Bernard Meninsky, een beroemd kunstenaar, zag het levenslicht in Konotop, nu deel van Oekraïne, in een familie van Jiddisch sprekende Oekraïense Joden. Zijn vader was kleermaker en het gezinsleven werd gekenmerkt door hard werken en eenvoudige omstandigheden. Zijn oorspronkelijke achternaam was waarschijnlijk "Menushkin". Als jong kind verhuisde Meninsky met zijn familie naar Liverpool, waar hij al op jonge leeftijd een opmerkelijk talent voor kunst toonde. Hoewel hij op elfjarige leeftijd vroegtijdig de school verliet, kon Meninsky zijn artistieke vaardigheden tonen door een tekening te verkopen aan een plaatselijke handelaar in stripkaarten. Overdag werkte hij als loopjongen, maar 's avonds volgde hij gratis kunstlessen. Deze toewijding stelde hem in staat om een plaats te krijgen op de prestigieuze Liverpool School of Art, waar hij van 1906 tot 1911 studeerde, gefinancierd door een reeks studiebeurzen. In de zomers van 1909 en 1910 volgde hij cursussen aan het Royal College of Art in Londen en in 1911 kreeg hij een beurs om drie maanden te studeren aan de Académie Julian in Parijs.

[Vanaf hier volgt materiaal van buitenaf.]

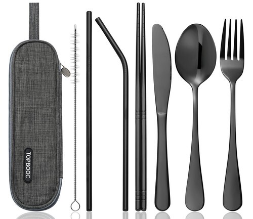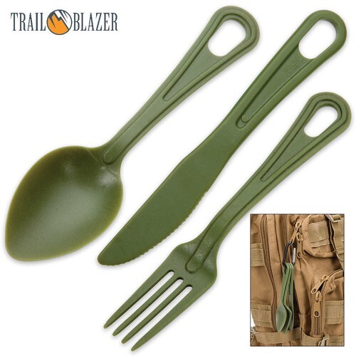This cutlery set includes a bamboo fork, knife, spoon. The bamboo is heat and stain resistant that won't absorb flavors. The set is neatly packed inside a carrying case that is made from recycled plastic bottles. Replaces 1300 Single-Use Utensils Throughout Its Life Set includes Fork, Knife, Spoon Utensil Case Made From 100% Post-Consumer Recycled Plastic Bottles Carabiner on Back Clips Anywhere Heat and Stain Resistant Hand-Finished With A Food-Safe Coating BPA and Phthalate Free Dishwasher Safe Materials: Made of natural, responsibly sourced bamboo. Package made from recycled PET. Care Instructions: Hand wash preferred with soap and water but will sustain the dishwasher. Dimensions: Package: 7"H x 2.4"W x 1.3" D Utensil Length: 5.75"h Weight: 1.6 oz. / 0.1 lbs.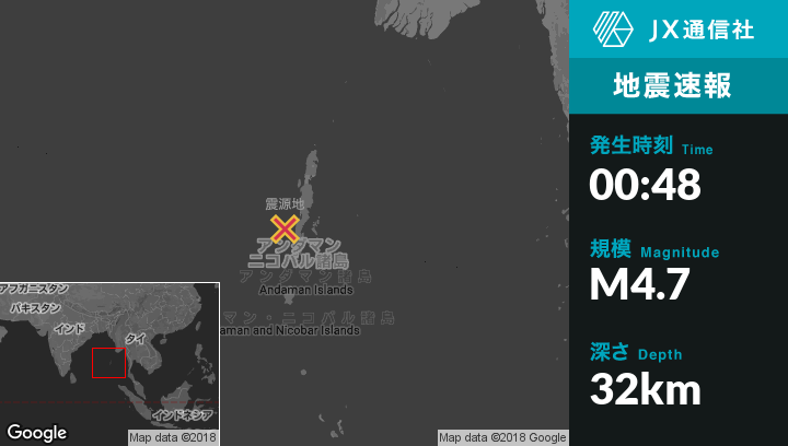 1月15日 00:48頃、インドのBamboo Flatから北西58kmの地点でM4.7の地震がありました。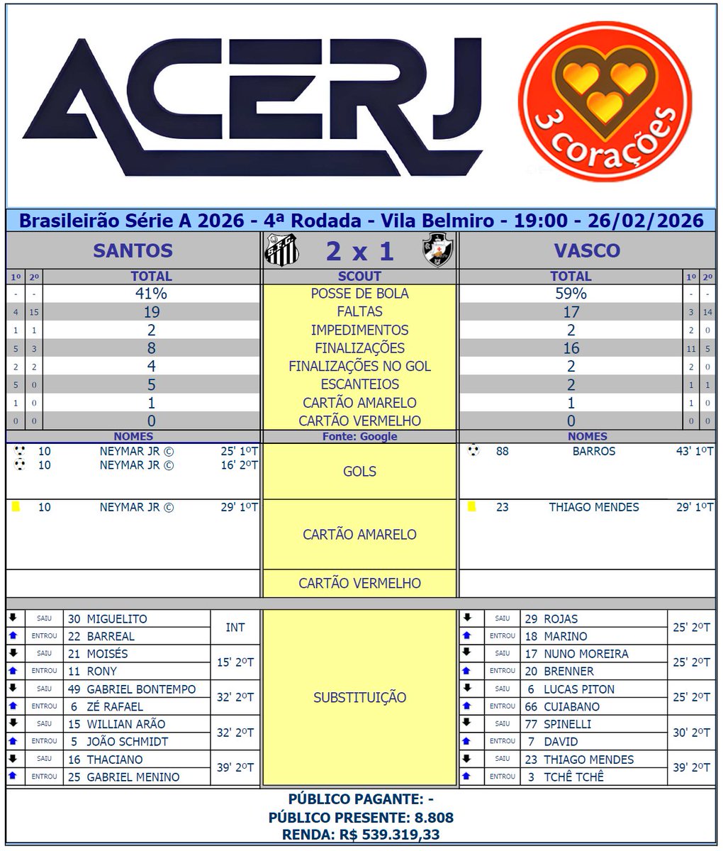 Cartões amarelos: Neymar (SAN) / Thiago Mendes (VAS)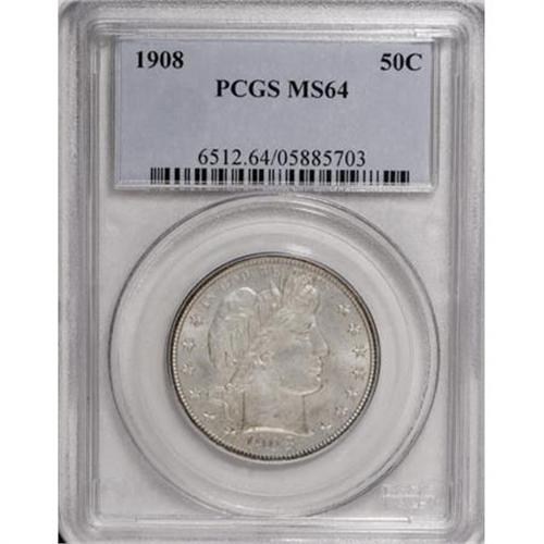 <B>1908 50C MS64 PCGS.</B></I> A brilliant satin near-Gem that could arguably qualify for a higher grade. Both sides have satiny silver luster with full mint bloom. A few faint splashes of gold and iridescent toning are visible on the reverse. Population: 41 in 64, 22 finer (1/08).<BR><BR><B>Coin Engraver:</B> Charles E. Barber<BR><BR><b>Shipping:</b> Coins & Currency (<a target="_blank" href="http://www.heritageauctions.com/common/shipping.php">view shipping information</a>)

In 1912 leidde zijn pad hem naar de Slade School of Fine Art in Londen, gesteund door de Liverpoolse Joodse gemeenschap en de Jewish Educational Aid Society (JEAS). Hier kruiste hij paden met kunstenaars als David Bomberg, Isaac Rosenberg, Jacob Kramer en William Roberts, die zijn tijdgenoten en in sommige gevallen zijn levenslange vrienden werden. Een belangrijk contact dat Meninsky in deze periode opdeed, was Walter Richard Sickert, dat Slade-studenten en afgestudeerden ontving in hun Fitzroy Street-studio. Tijdens zijn tijd aan de Slade maakte Meninsky de controverse mee rond Roger Fry's tweede Post-Impressionistische tentoonstelling in de Grafton Galleries in Londen, die het publiek schandalig vond vanwege het modernisme. Terwijl sommige van zijn medestudenten hun eigen vorm van "Engels kubisme" verkenden, bleef Meninsky's werk minder radicaal, hoewel hij tegelijkertijd "volledig overweldigd werd door de grootsheid van Cézanne".
Na zijn afstuderen aan de Slade in 1913 werkte Meninsky voor Edward Gordon Craig op zijn theaterschool in Florence. Zijn ervaring met Craig was echter niet bevredigend en hij keerde terug naar Londen waar hij naakt tekenen ging doceren aan de Central School of Arts and Crafts. Meninsky vond een diepe passie in het lesgeven en de band met de Central School bleef zijn hele leven lang betekenisvol voor hem. Elke kunstdruk weerspiegelt Meninsky's diepe passie voor kunst en zijn indrukwekkende vermogen om emoties en ideeën op doek vast te leggen.